Impact Feature Issue on Siblings of People with Intellectual, Developmental, and Other Disabilities


Resources for Understanding the Sibling Experience

Brother and Sisters of People with Disabilities: Unique Opportunities, Unique Needs

During this lively large-group discussion led by Don Meyer of the Sibling Support Project, participants learned about the concerns and opportunities frequently experienced by siblings of people with disabilities, as well as implications for parents and service providers. Presented by the UC Davis MIND Institute.

Sibling Online Learning Modules: Why are Siblings of People with Disabilities Important? 

This course offers over 15 online learning modules for siblings of people with disabilities to explore available research, services, and supports. Topics include building relationships with service providers, person-centered life course planning, who should make important decisions, supported decision-making, navigating services for my sibling, and much more. Offered by Sibling Resources, a collaboration between Yang-Tan Institute of Cornell University, The Sibling Leadership Network, and SibNY.

Siblings Speak: Maddy and Nathan

In this brief video from the Health Information Center at PACER, Maddy talks about what she wishes more people would understand about her brother, Nathan, what she is most worried about, and more. 

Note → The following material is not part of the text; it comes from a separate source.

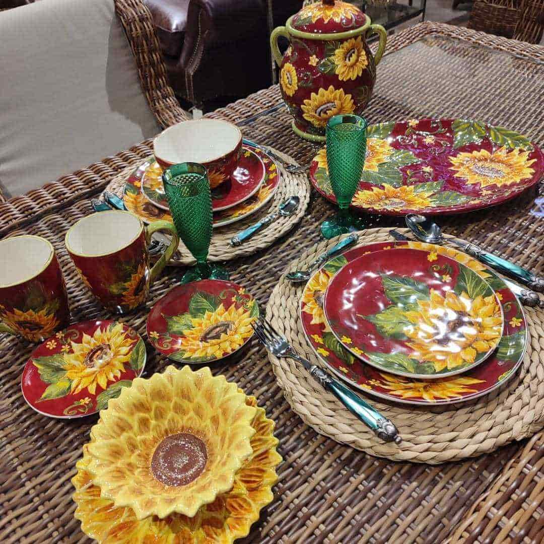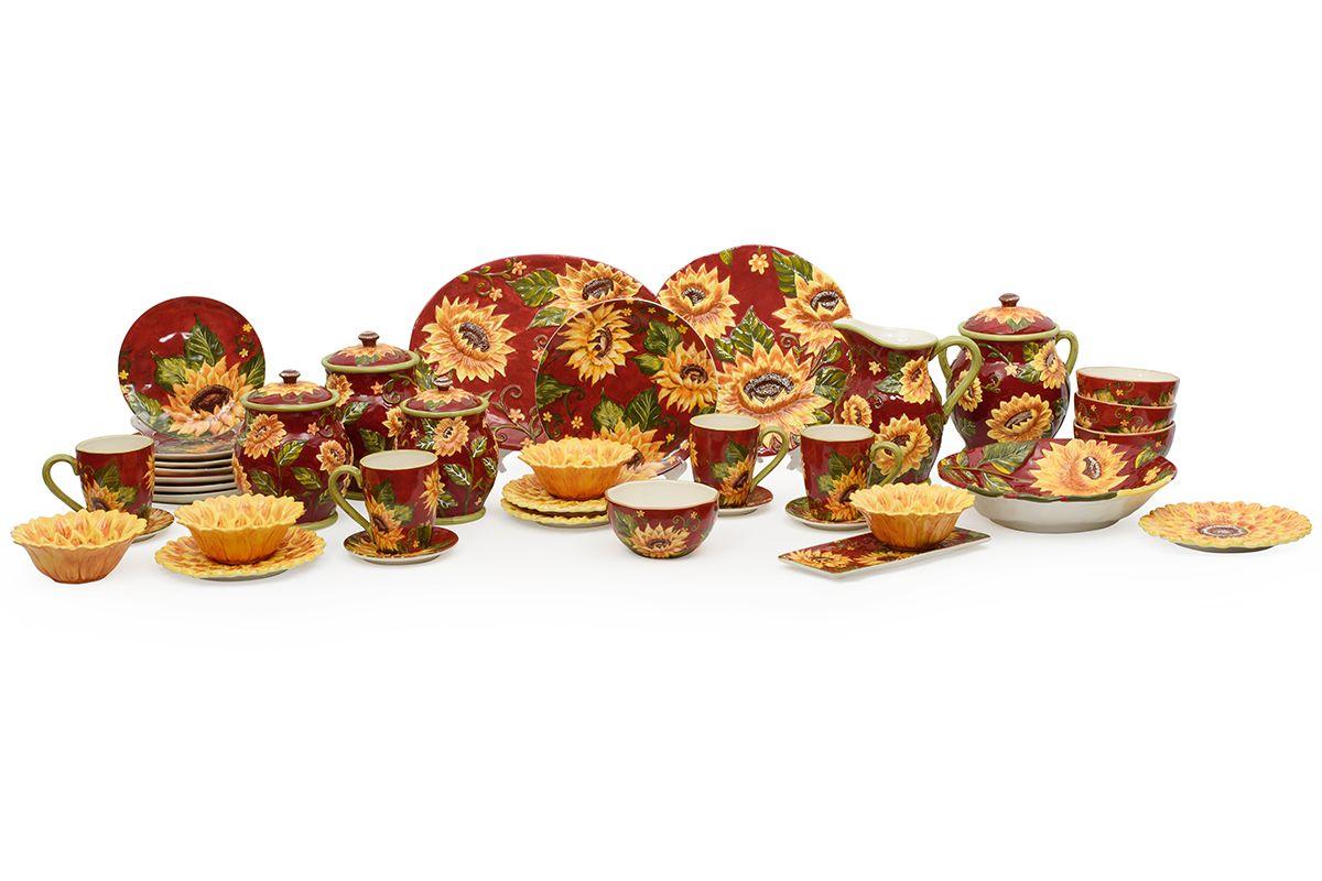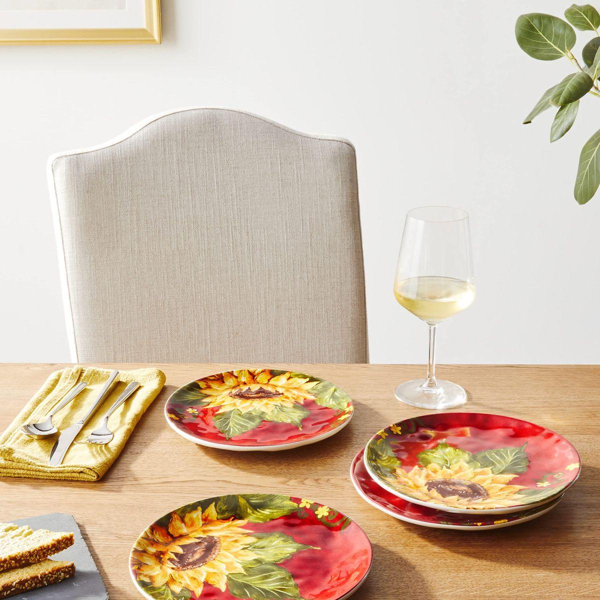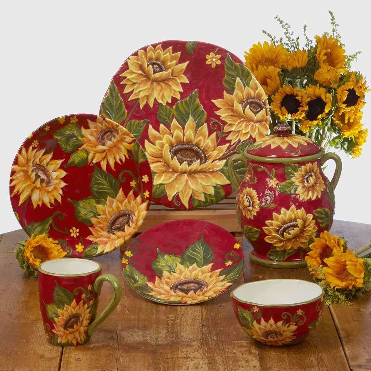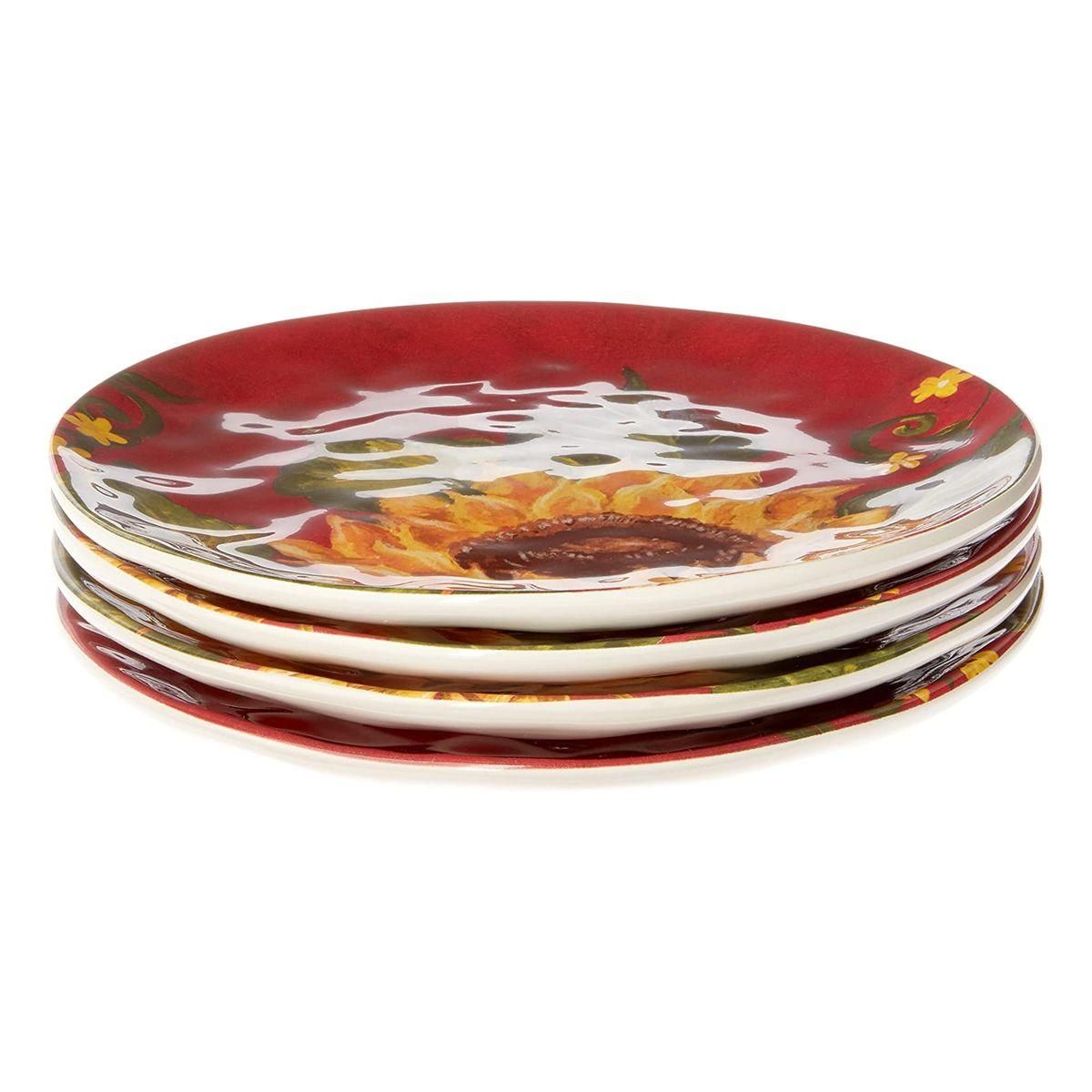 Оригінальний дизайн у вигляді соковитих жовтих соняшників на тлі яскраво-червоного західного неба, що прикрасив салатні тарілки, розроблений та втілений у життя студією художнього декору Tre Sorelle Studios. Принт зроблений у високій роздільній здатності, тому розглянути кожну деталь олійного живопису можна неозброєним оком.

Resources on Sibling Roles and Needs

Sibling Advocacy Toolkit 

This toolkit focuses on the unique roles that siblings play in advocacy for people with disabilities. From connecting with other siblings to make change, to visiting with legislators, siblings offer perspectives that have not always been included in traditional forms or methods of advocacy. Published by the Sibling Leadership Network, this toolkit emerged out of Sibling Policy Forums for adults with disabilities and their siblings that were held in Illinois in March 2014 by the Institute on Disability and Human Development, University of Illinois Chicago.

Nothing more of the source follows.